(Records from a data source)
—————

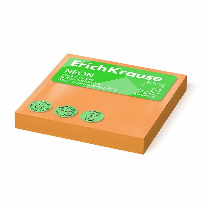 Блок самоклеящийся бумажный ErichKrause Neon, 75х75 мм, 100 листов, оранжевый 61660
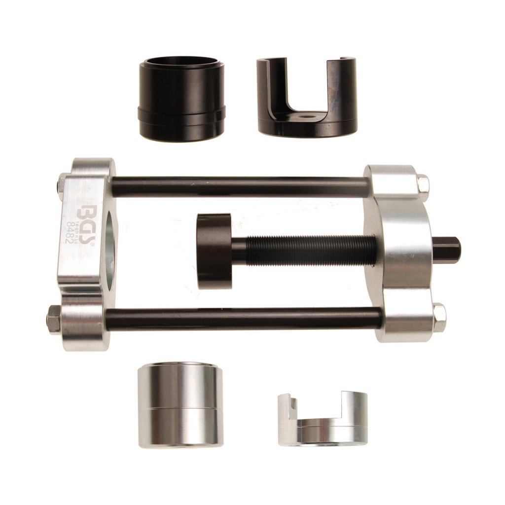 Spindelled-verktygssats för BMW E36 är ett specialutvecklat pressverktyg för demontering och montering av inpressade kulleder (hjulstyrningsleder, bussning B) som är fastskruvade i svänglagret/hjullagerhuset. Verktygssatsen är konstruerad enligt BMW:s OEM-specifikationer för att säkerställa korrekt passform, hög precision och smidigt arbete.
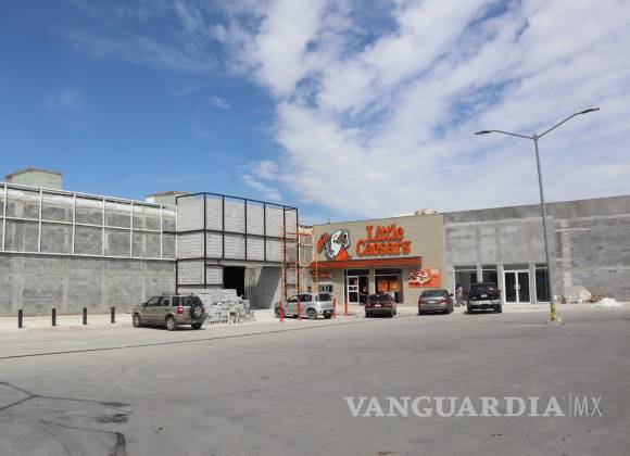 Al lado de donde se construye la tienda ya se encuentra una sucursal de Little Caesar’s, además de que también se notan banquetas, pavimento, cajones de estacionamiento y bolardos.
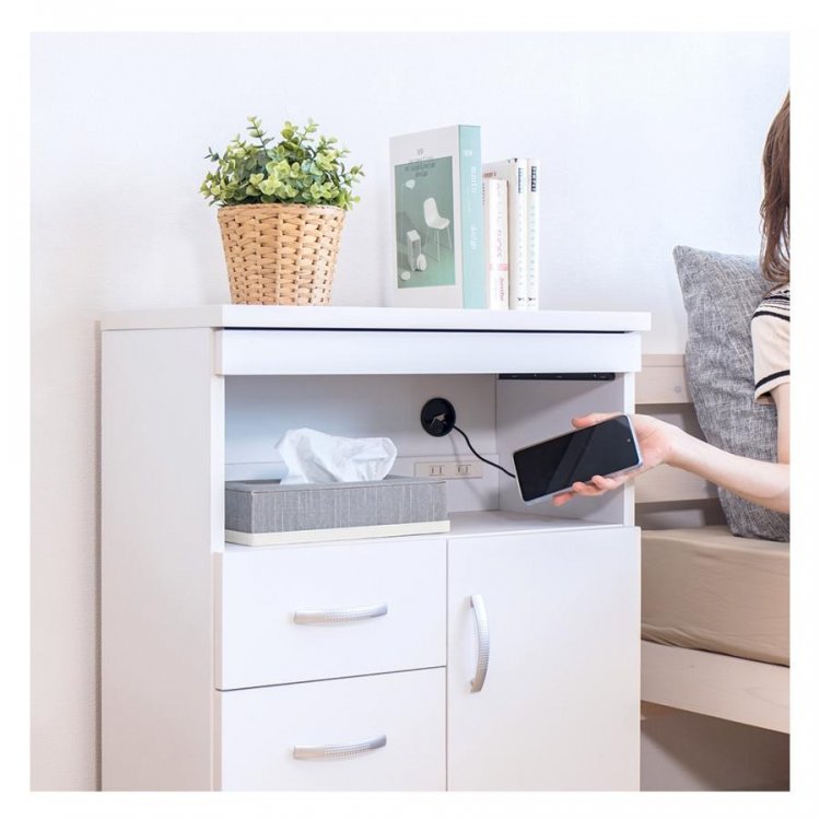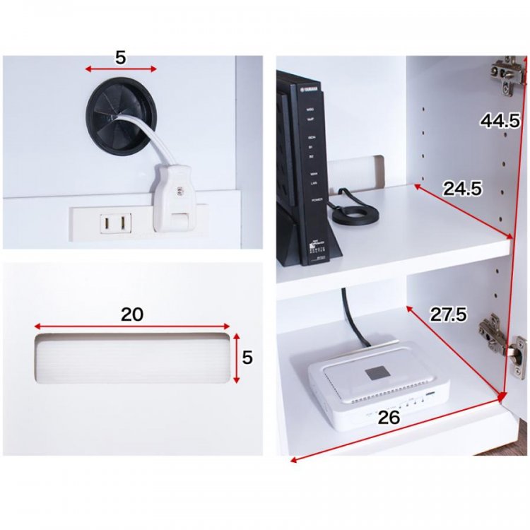 機能的な電話台です。電話やルーターその他スマホの充電器などをすっきり収納できます。1500W2口コンセント付き、背面に2ヵ所コード穴があります。扉内棚板の奥は、配線が通るように約3cmの隙間を設けています
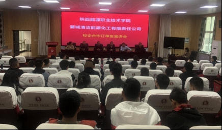 洽谈结束后,陕西能源职业技术学院组织应用化工技术专业、煤化工技术专业的学生参加了蒲城清洁能源化工有限责任公司订单班宣讲会。同学们通过聆听宣讲,了解企业文化、行业发展、人才培养、薪金待遇等政策拓宽视野,更深刻地了解了行业发展前景,逐步明确对未来的定位。随后,校企合作处、煤炭与化工产业学院组织学生和企业人员进行了现场互动交流,开展了“蒲城清洁能源”订单班报名工作。
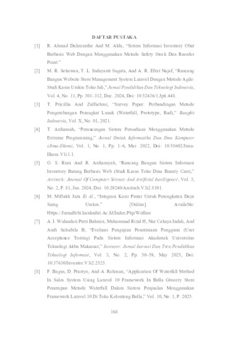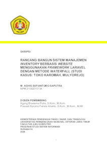 Saputra, Muhammad Aghis Sufiantoro (2026) RANCANG BANGUN SISTEM MANAJEMEN INVENTORY BERBASIS WEBSITE MENGGUNAKAN FRAMEWORK LARAVEL DENGAN METODE WATERFALL (STUDI KASUS: TOKO KAROMAH, MULYOREJO). Undergraduate thesis, UPN Veteran Jawa Timur.
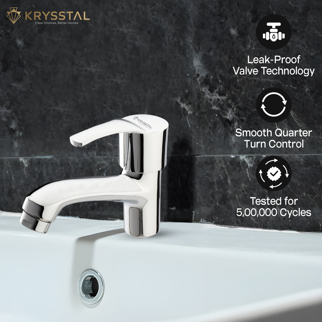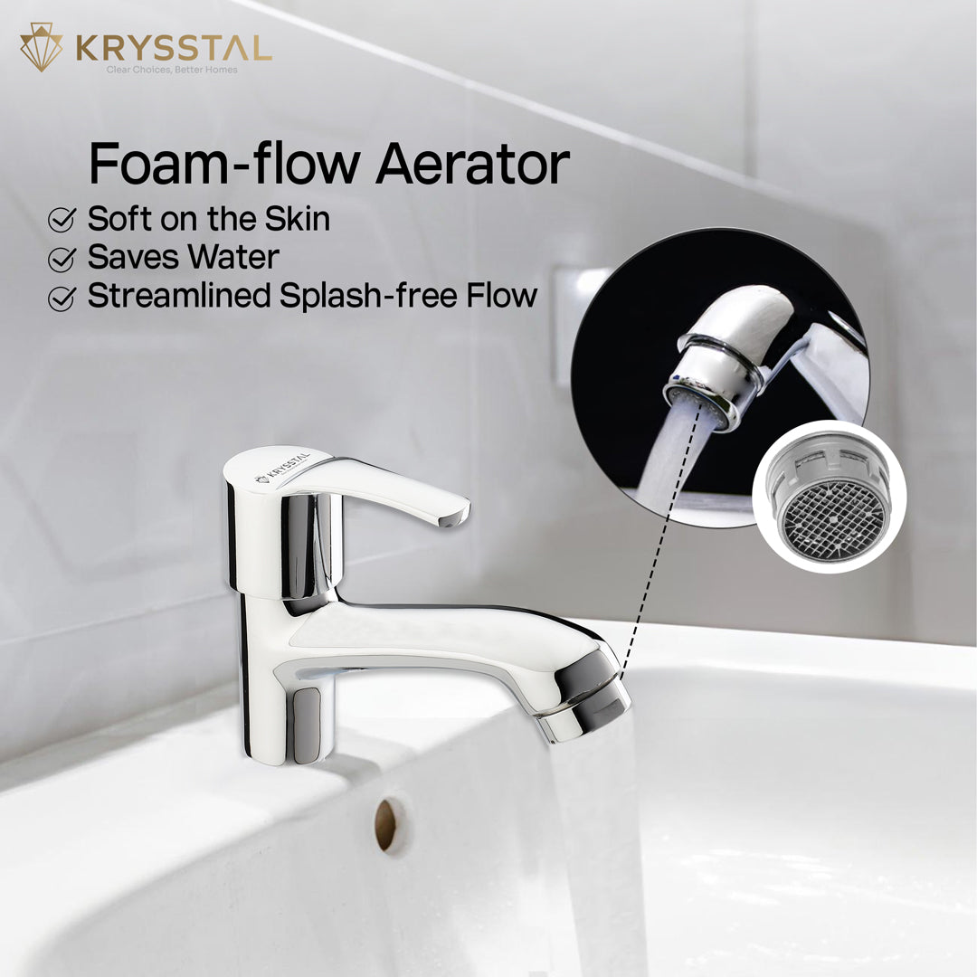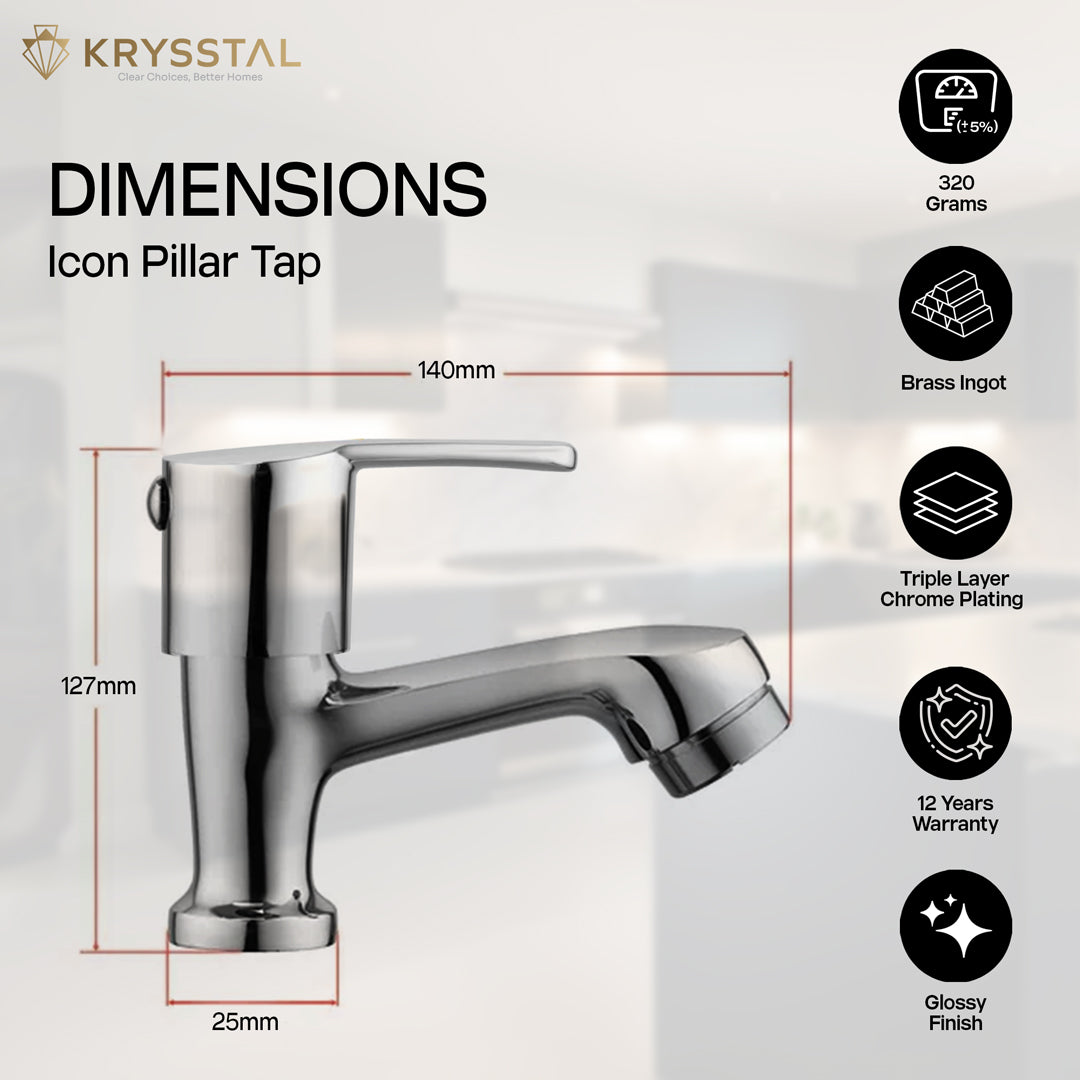 The Icon Pillar Tap for Wash Basin is crafted from solid brass and finished with a triple-layer chrome coating that provides strong resistance against rust, corrosion, and heat, ensuring reliable durability. Its advanced foam aerator introduces air into the water flow, cutting water usage by 50% while delivering a high-pressure, splash-free stream with reduced noise. Designed for leak-free operation, it offers an efficient 6-10 LPM flow rate supported by secure thread seals that handle high water pressure. Built with a smooth quarter-turn handle, it’s ideal for wash basins, small kitchen sinks, and kitchen bars. The non-porous chrome surface resists stains and fingerprints, making maintenance easy without harsh chemicals.

—————

### [BRIEF]
Reproduce, word for word, only the lines in the records above from the line with "洽谈结束后,陕西能源职业技术" through the line with "Saputra, Muhammad Aghis", including both ends; omit the pictures.

### [RESPONSE]
 洽谈结束后,陕西能源职业技术学院组织应用化工技术专业、煤化工技术专业的学生参加了蒲城清洁能源化工有限责任公司订单班宣讲会。同学们通过聆听宣讲,了解企业文化、行业发展、人才培养、薪金待遇等政策拓宽视野,更深刻地了解了行业发展前景,逐步明确对未来的定位。随后,校企合作处、煤炭与化工产业学院组织学生和企业人员进行了现场互动交流,开展了“蒲城清洁能源”订单班报名工作。
 Saputra, Muhammad Aghis Sufiantoro (2026) RANCANG BANGUN SISTEM MANAJEMEN INVENTORY BERBASIS WEBSITE MENGGUNAKAN FRAMEWORK LARAVEL DENGAN METODE WATERFALL (STUDI KASUS: TOKO KAROMAH, MULYOREJO). Undergraduate thesis, UPN Veteran Jawa Timur.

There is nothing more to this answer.